- 機動戦士V（ヴィクトリー）ガンダム
- Genre: Military science fiction, Mecha, Drama
- Created by: Hajime Yatate; Yoshiyuki Tomino;
- Directed by: Yoshiyuki Tomino (chief)
- Music by: Akira Senju
- Country of origin: Japan
- Original language: Japanese
- No. of episodes: 51 (list of episodes)

Production
- Producers: Yoshiaki Koizumi (TV Asahi) Masuo Ueda (Sunrise)
- Production companies: TV Asahi; Sunrise;

Original release
- Network: ANN (TV Asahi)
- Release: April 2, 1993 – March 25, 1994

Related
- Written by: Yoshiyuki Tomino
- Illustrated by: Haruhiko Mikimoto
- Published by: Kadokawa Shoten
- Imprint: Kadokawa Sneaker Bunko
- Original run: January 25, 1993 – June 28, 1994
- Volumes: 5

Go! Go! Our Victory Gundam!!
- Written by: Tsukasa Kotobuki
- Published by: Kadokawa Shoten MediaWorks
- Magazine: Media Comix Dyne MS Saga
- Original run: August 10, 1993 – June 5, 1994
- Volumes: 1
- Written by: Toshiya Iwamura
- Published by: Kodansha
- Magazine: Comic BomBom
- Original run: 1993 – 1994
- Volumes: 2

Mobile Suit Victory Gundam Outside Story
- Written by: Yuichi Hasegawa
- Published by: Kadokawa Shoten
- Magazine: MS Saga
- Published: 1994
- Volumes: 1

= Mobile Suit Victory Gundam =

Japanese anime television series and its franchise

Mobile Suit Victory Gundam (機動戦士ガンダム, Kidō Senshi Vikutorī Gandamu), is a 1993 Japanese science fiction anime television series. It consists of 51 episodes, and was directed by Gundam creator Yoshiyuki Tomino. The series was first broadcast on TV Asahi (and its ANN stations). It is the fourth TV anime installment in the Gundam franchise, first series in the franchise released in Japan's Heisei period, and the final full series to be set in the Universal Century calendar.

==Plot==

Victory Gundam is set in UC 0153, and succeeds the Federation Force and Crossbone Vanguard conflict of Mobile Suit Gundam F91. The Earth, still loosely controlled by the greatly weakened Earth Federation, comes under attack by BESPA, the armed forces of the space colony–based Zanscare Empire. Only a ragtag resistance movement, the League Militaire, stands in BESPA's way as they swiftly conquer much of space and start their invasion of Earth, with the advanced mass-produced mobile suit, the Victory Gundam, as the League Militaire's secret weapon. However, BESPA's power continues to grow, using violent means, including public executions with guillotines, to strike fear into those living on Earth.

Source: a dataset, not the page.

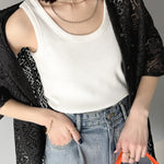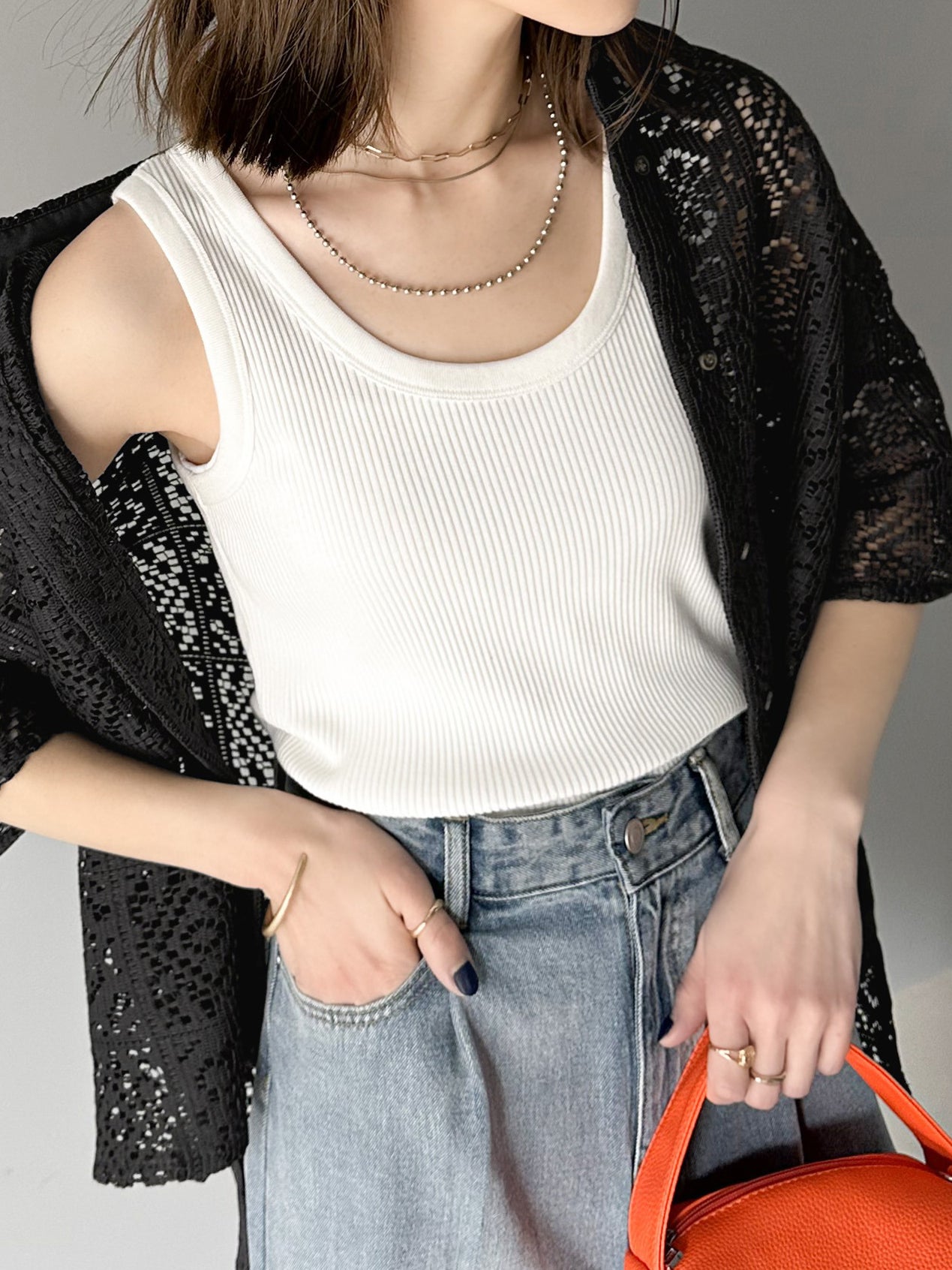 ☆インパクトなクロシェ編みでシンプルコーデを華やかな印象に。

Living peacefully on Earth in the remote Eastern European town of Kasarelia, 13-year-old Üso Ewin and his childhood friend Shahkti Kareen are soon thrown into the conflict when they encounter ace BESPA pilot Chronicle Asher. Soon, Üso finds himself joining forces with Marbet Fingerhut and the rest of the League Militaire, piloting the Victory Gundam against BESPA, and soon discovering the horrors of war.

==Production==
===Development===

Victory Gundam is the fourth Gundam television series and the first of four Gundam television series that aired on TV Asahi and its sister ANN stations in Japan sequentially from 1993 through 1996. In order to attract the younger elementary school age demographic that SD Gundam was popular with at the time, the show featured the youngest protagonist in the Gundam franchise, the thirteen-year-old Uso Ewin, and established a setting within Universal Century that was largely independent of previous Gundam works. Unlike previous Gundam series that started off in space colonies, the show starts off in Eastern Europe before moving to space 15 episodes later. The intent of this was for Tomino to dispel the association between Gundam and space. Nonetheless, the mature themes of the show, as well as the high casualty rate of the main cast, meant that the show would instead attract an older crowd, the young adults who had seen Mobile Suit Zeta Gundam and Mobile Suit Gundam ZZ a decade earlier.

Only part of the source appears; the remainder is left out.